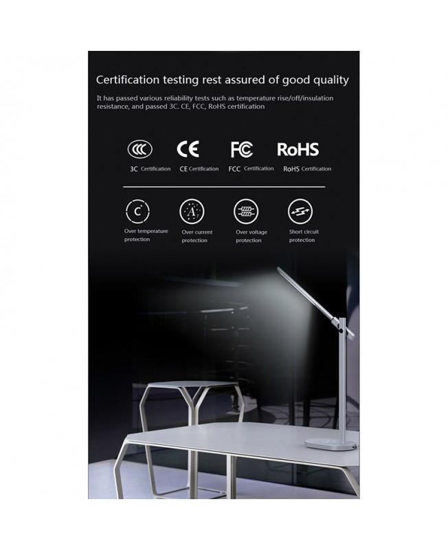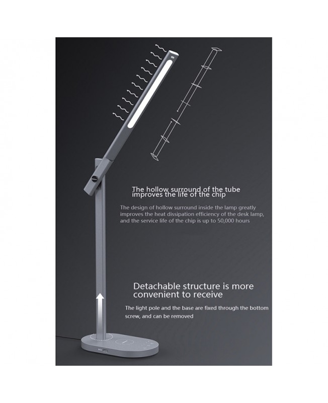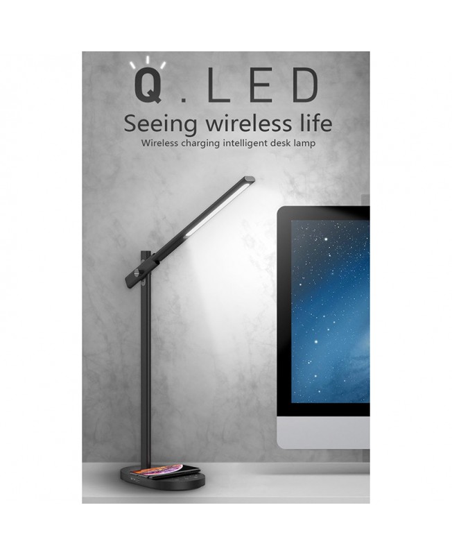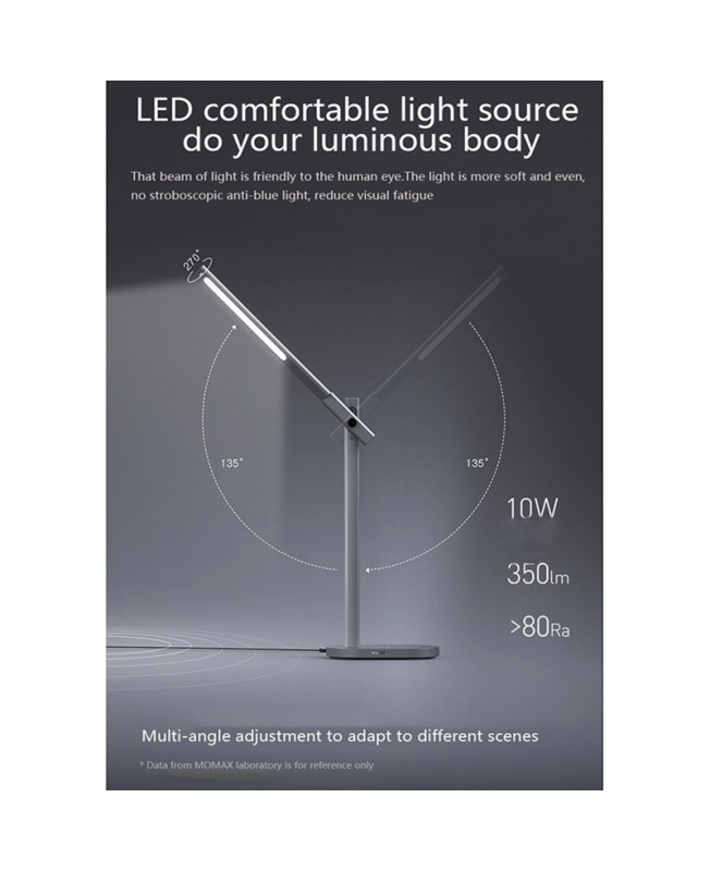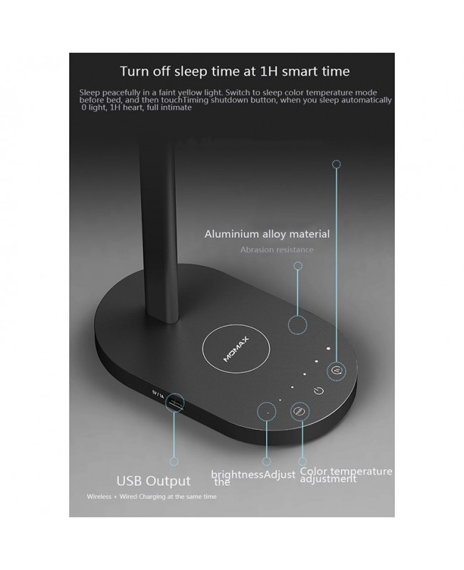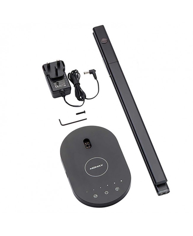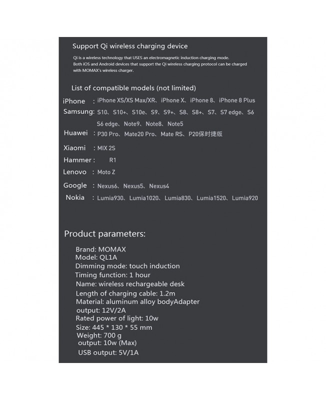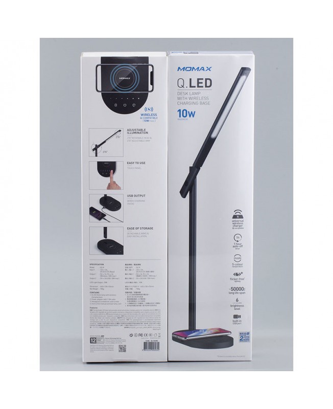 چراغ مطالعه و شارژر وایرلس QL1A برند مومکس با ابعاد 55*130*445 میلی متر و وزن 700 گرم به صورت رو میزی و از جنس فلز طراحی شده به این صورت که شما می توانید پایه آن را بر روی یک سطح صاف یا میز قرار دهید و با کمک بازوی تاشونده آن که توانایی چرخش 270 درجه را دارد از چراغ آن استفاده نمایید.همچنین درباره چراغ MOMAX Desk Lamp With Wireless Charging Base نیز می توان گفت که دارای قابلیت تنطیم نور در 6 سطح روشنایی با 5 طیف رنگی متقاوت در محدوده دمایی 2800 تا 6500 کلوین است و علاوه بر این ها گردنی چراغ هم توانایی چرخش 270 درجه را داراست و می توانید آن را در زاویه دلخواه تنظیم کنید.
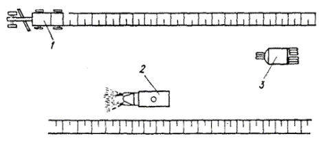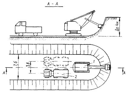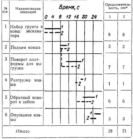 * 1 - работа экскаватора без совмещения операций; 2 - то же, при совмещении операций. V. ПРИЕМЫ ТРУДА 5.1. Разработка и погрузка грунта экскаватором. Выполняют М-1 и М-2 в течение 69 мин. Водитель размещает автомобиль-самосвал вдоль одного из откосов выемки. М-1 набирает в ковш грунт и, поворачивая стрелу под углом до 90°, производит разгрузку ковша. Набор грунта в ковш М-1 начинает с наиболее близкой к самосвалу точки, а разгрузку - с наиболее отдаленной точки кузова. М-2 следит за техническим состоянием экскаватора, состоянием забоя и во время технологических перерывов устраняет мелкие неисправности экскаватора и очищает ковш от налипшего грунта.
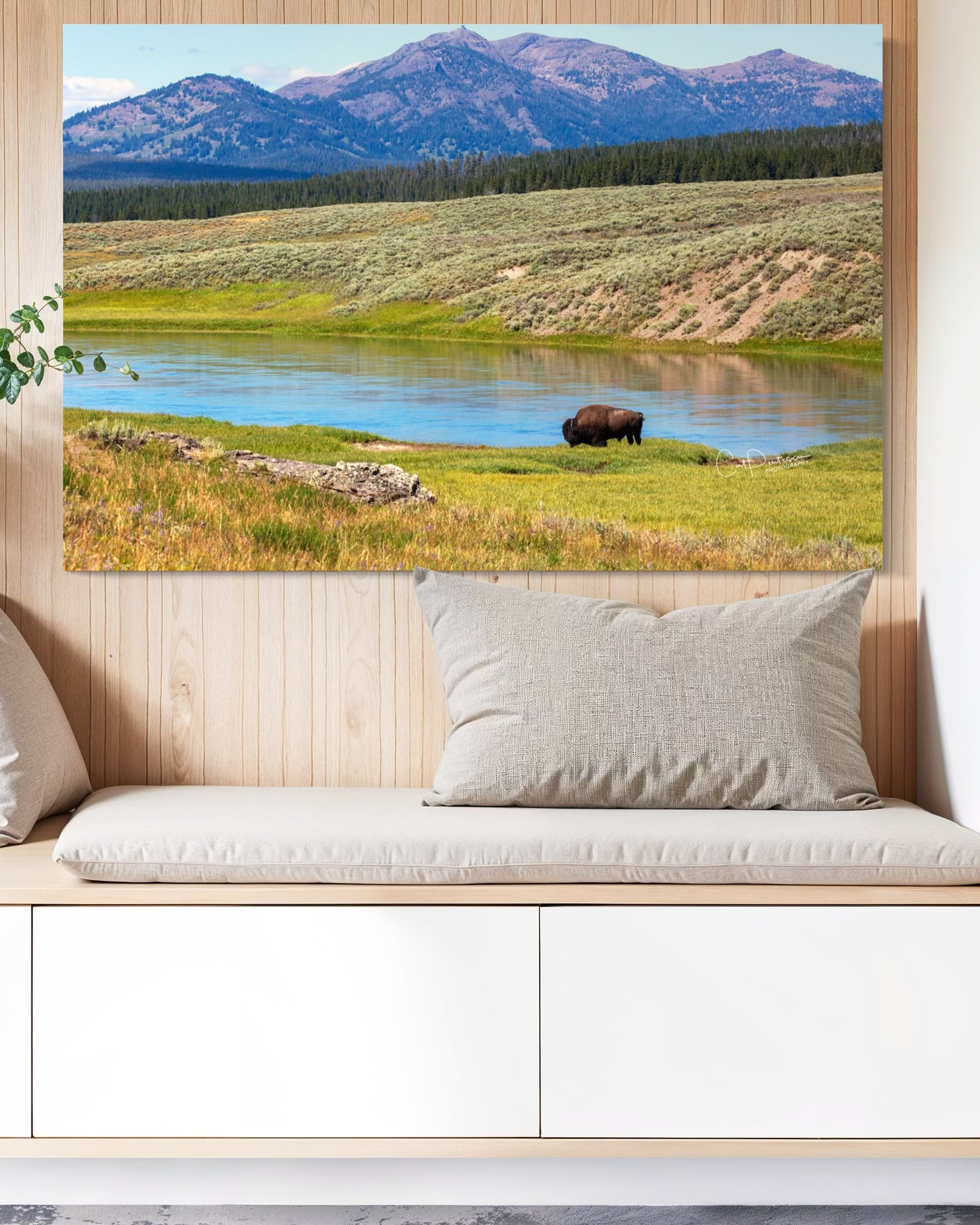 A peaceful walk around a mountain lake in the fresh, springtime air is good for the soul... just ask this big bull buffalo!
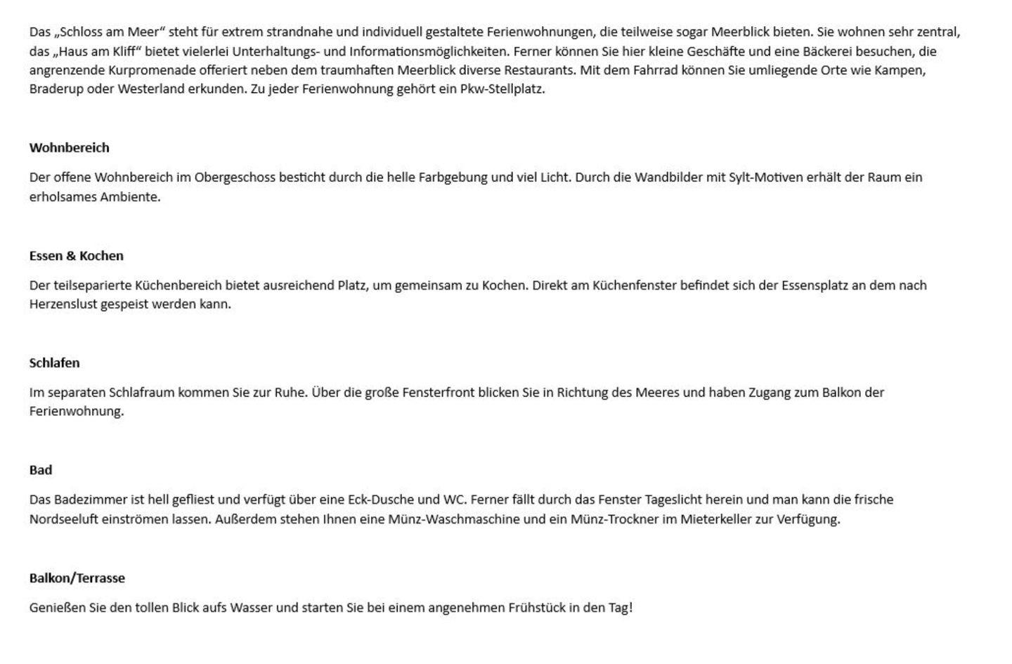 Das „Schloss am Meer“ steht für extrem strandnahe und individuell gestaltete Ferienwohnungen, die teilweise sogar Meerblick bieten. Sie wohnen sehr zentral, das „Haus am Kliff“ bietet vielerlei Unterhaltungs- und Informationsmöglichkeiten. Ferner können Sie hier kleine Geschäfte und eine Bäckerei besuchen, die angrenzende Kurpromenade offeriert neben dem traumhaften Meerblick diverse Restaurants. Mit dem Fahrrad können Sie umliegende Orte wie Kampen, Braderup oder Westerland erkunden. Zu jeder Ferienwohnung gehört ein Pkw-Stellplatz.

────────────────

● TASK STATEMENT
Take the line containing "от налипшего грунта." and every line after it through the end of the data, and write them out exactly, with no pictures.

● ANSWER TO THIS PROBLEM
 * 1 - работа экскаватора без совмещения операций; 2 - то же, при совмещении операций. V. ПРИЕМЫ ТРУДА 5.1. Разработка и погрузка грунта экскаватором. Выполняют М-1 и М-2 в течение 69 мин. Водитель размещает автомобиль-самосвал вдоль одного из откосов выемки. М-1 набирает в ковш грунт и, поворачивая стрелу под углом до 90°, производит разгрузку ковша. Набор грунта в ковш М-1 начинает с наиболее близкой к самосвалу точки, а разгрузку - с наиболее отдаленной точки кузова. М-2 следит за техническим состоянием экскаватора, состоянием забоя и во время технологических перерывов устраняет мелкие неисправности экскаватора и очищает ковш от налипшего грунта.
 A peaceful walk around a mountain lake in the fresh, springtime air is good for the soul... just ask this big bull buffalo!
 Das „Schloss am Meer“ steht für extrem strandnahe und individuell gestaltete Ferienwohnungen, die teilweise sogar Meerblick bieten. Sie wohnen sehr zentral, das „Haus am Kliff“ bietet vielerlei Unterhaltungs- und Informationsmöglichkeiten. Ferner können Sie hier kleine Geschäfte und eine Bäckerei besuchen, die angrenzende Kurpromenade offeriert neben dem traumhaften Meerblick diverse Restaurants. Mit dem Fahrrad können Sie umliegende Orte wie Kampen, Braderup oder Westerland erkunden. Zu jeder Ferienwohnung gehört ein Pkw-Stellplatz.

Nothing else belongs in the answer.